Deep learning AGI implies mesa optimization: Since deep learning is so sample inefficient, it cannot reach human levels of performance if we apply deep learning directly to each possible task T. (For example, it has to relearn how the world works separately for each task T.) As a result, if we do get AGI primarily via deep learning, it must be that we used deep learning to create a new optimizing AI system, and that system was the AGI.
Argument for mesa optimization: Due to the complexity and noise in the real world, most economically useful tasks require setting up a robust optimizing system, rather than directly creating the target configuration state. (See also the importance of feedback for more on this intuition.) It seems likely that humans will find it easier to create algorithms that then find AGIs that can create these robust optimizing systems, rather than creating an algorithm that is directly an AGI.
(The previous argument also applies: this is basically just a generalization of the previous point to arbitrary AI systems, instead of only deep learning.)
I want to note that under this approach the notion of “search” and “mesa objective” are less natural, which I see as a pro of this approach (see also here): the argument is that we’ll get a general inner optimizing AI, but it doesn’t say much about what task that AI will be optimizing for (and it could be an optimizing AI that is retargetable by human instructions).
Outer alignment: ??? Seems hard to formalize in this framework. This makes me feel like outer alignment is less important as a concept. (I also don’t particularly like formalizations outside of this framework.)
Inner alignment: Ensuring that (conditional on mesa optimization occurring) the inner AGI is aligned with the operator / user, that is, combined with the user it forms an optimizing system for “doing what the user wants”. (Note that this is explicitly notintent alignment, as it is hard to formalize intent alignment in this framework.)
Intent alignment: ??? As mentioned above, it’s hard to formalize in this framework, as intent alignment really does require some notion of “motivation”, “goals”, or “trying”, which this framework explicitly leaves out. I see this as a con of this framework.
Expected utility maximization: One particular architecture that could qualify as an AGI (if the utility function is treated as part of the environment, and not part of the AGI). I see the fact that EU maximization is no longer highlighted as a pro of this approach.
Wireheading: Special case of the argument for AI risk with a weird task of “maximize the number in this register”. Unnatural in this framing of the AI risk problem. I see this as a pro of this framing of the problem, though I expect people disagree with me on this point.
Thanks for the very thoughtful comment Rohin. I was on retreat last week after I published the article and upon returning to computer usage I was delighted by the engagement from you and others.
Generality of intelligence: The generality of O’s intelligence is a function of the number and diversity of tasks T that it can solve, as well as its performance on those tasks.
I like this.
We’ll presumably need to give O some information about the goal / target configuration set for each task. We could say that a robot capable of moving a vase around is a little bit general since we can have it solve the tasks of placing the vase at many different locations by inputting some latitude/longitude into some appropriate memory location. But this means we’re actually pasting in a different object O for each task T—each of the objects differs in those memory locations into which we’re pasting the latitude/longitude. It might be helpful to think of a “agent schema” function that maps goals to objects, so we take the goal part of the task, compute the object O for that goal, then paste this object into the environment.
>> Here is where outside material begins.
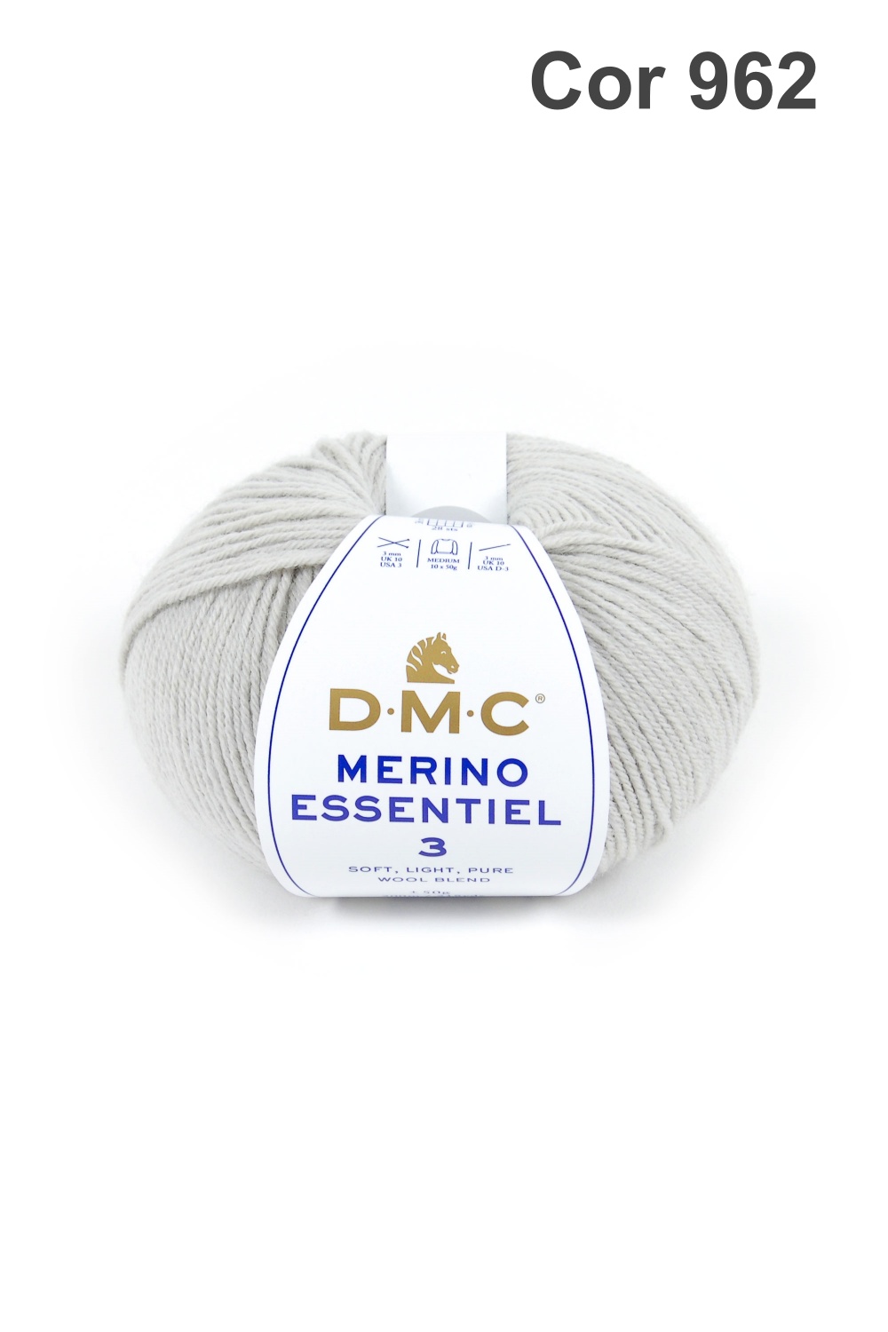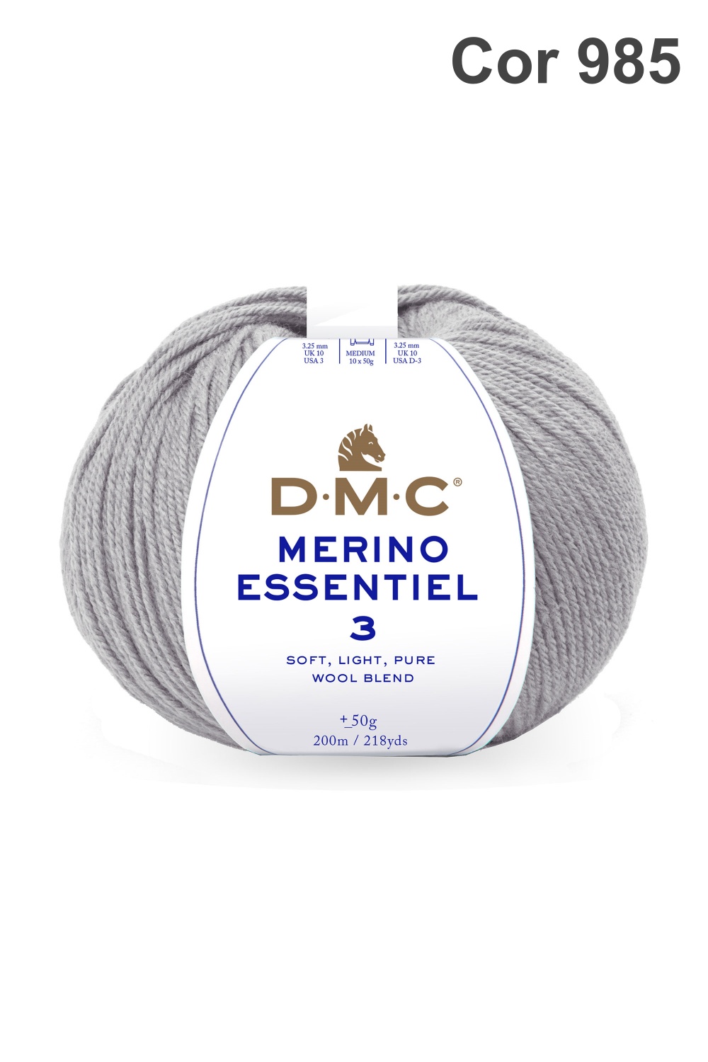 Novelo de lã cinzenta com rótulo DMC Merino Essentiel 3

It’s also important that O be able to solve the task for a reasonably broad range of environments.
Inner alignment
Perhaps we could look at it this way: take a system containing a human that is trying to get something done. This is presumably an optimizing system as humans often robustly move their environment towards some desired target configuration set. Then an inner-aligned AI is an object O such that adding it to this environment does not change the target configuration set, but does change the speed and/or robustness of convergence to that target configuration set.
Intent alignment
Yup very difficult to say much about intentions using the pure outside view approach of this framework. Perhaps we could say that an intent-aligned AI is an inner-aligned AI modulo less robustness. Or perhaps we could say that an intent-aligned AI is an AI that would achieve the goal in a large set of benign environments, but might not achieve it in the presence of unlikely mistakes, unlikely environmental conditions, or the presence of other powerful basins of attraction.
But this doesn’t really get at the spirit of Paul’s idea, which I think is about really looking inside the AI and understanding its goals.
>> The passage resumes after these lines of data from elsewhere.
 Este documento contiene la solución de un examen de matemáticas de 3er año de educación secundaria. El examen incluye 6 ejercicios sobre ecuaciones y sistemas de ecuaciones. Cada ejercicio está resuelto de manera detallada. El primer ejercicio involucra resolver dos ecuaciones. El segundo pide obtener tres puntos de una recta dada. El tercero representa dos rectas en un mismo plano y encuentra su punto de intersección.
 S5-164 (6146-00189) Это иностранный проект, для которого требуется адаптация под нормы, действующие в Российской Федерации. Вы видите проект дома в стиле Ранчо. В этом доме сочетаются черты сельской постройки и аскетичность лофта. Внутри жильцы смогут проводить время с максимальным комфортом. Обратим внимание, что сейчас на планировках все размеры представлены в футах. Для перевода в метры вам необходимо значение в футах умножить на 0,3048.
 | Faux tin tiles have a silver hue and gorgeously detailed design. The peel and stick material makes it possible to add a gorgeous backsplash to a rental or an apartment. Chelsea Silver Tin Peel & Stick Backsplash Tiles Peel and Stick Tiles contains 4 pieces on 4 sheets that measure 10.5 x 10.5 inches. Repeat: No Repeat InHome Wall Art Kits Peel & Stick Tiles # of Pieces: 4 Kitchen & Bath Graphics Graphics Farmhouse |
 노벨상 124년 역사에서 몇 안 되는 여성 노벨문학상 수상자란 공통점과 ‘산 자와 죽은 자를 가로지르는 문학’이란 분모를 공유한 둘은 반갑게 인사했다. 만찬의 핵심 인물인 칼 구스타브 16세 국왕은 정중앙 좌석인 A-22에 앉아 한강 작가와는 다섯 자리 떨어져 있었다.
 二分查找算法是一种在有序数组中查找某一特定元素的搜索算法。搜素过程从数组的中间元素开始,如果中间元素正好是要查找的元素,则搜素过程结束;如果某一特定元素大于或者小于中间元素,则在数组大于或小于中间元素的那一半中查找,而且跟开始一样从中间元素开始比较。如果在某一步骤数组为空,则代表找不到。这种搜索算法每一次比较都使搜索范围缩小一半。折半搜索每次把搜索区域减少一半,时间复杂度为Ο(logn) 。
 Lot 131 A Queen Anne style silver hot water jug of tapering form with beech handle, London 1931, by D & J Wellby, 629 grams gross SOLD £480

We’ll presumably need to give O some information about the goal / target configuration set for each task.
I was imagining that the tasks can come equipped with some specification, but some sort of counterfactual also makes sense. This also gets around issues of the AI system not being appropriately “motivated”—e.g. I might be capable of performing the task “lock up puppies in cages”, but I wouldn’t do it, and so if you only look at my behavior you couldn’t say that I was capable of doing that task.
But this doesn’t really get at the spirit of Paul’s idea, which I think is about really looking inside the AI and understanding its goals.
Mild optimization: the easiest way to solve hard tasks may be to specify a proxy, which an AI maximizes. The AI steers into configurations which maximize the proxy function. Simple proxies don’t usually have target sets which we like, because human value is complex. However, maybe we just want the AI to randomly select a configuration which satisfies the proxy, instead of finding the maximally-proxy-ness configuration, which may be bad due to extremal Goodhart.
Quantilization tries to solve this by randomly selecting a target configuration from some top quantile, but this is sensitive to how world states are individuated.
This makes sense, but I think you’d need a different notion of optimizing systems than the one used in this post. (In particular, instead of a target configuration set, you want a continuous notion of goodness, like a utility function / reward function.)
I’m saying the target set for non-mild optimization is the set of configurations which maximize proxy-ness. Just take the argmax. By contrast, we might want to sample uniformly randomly from the set of satisficing configurations, which is much larger.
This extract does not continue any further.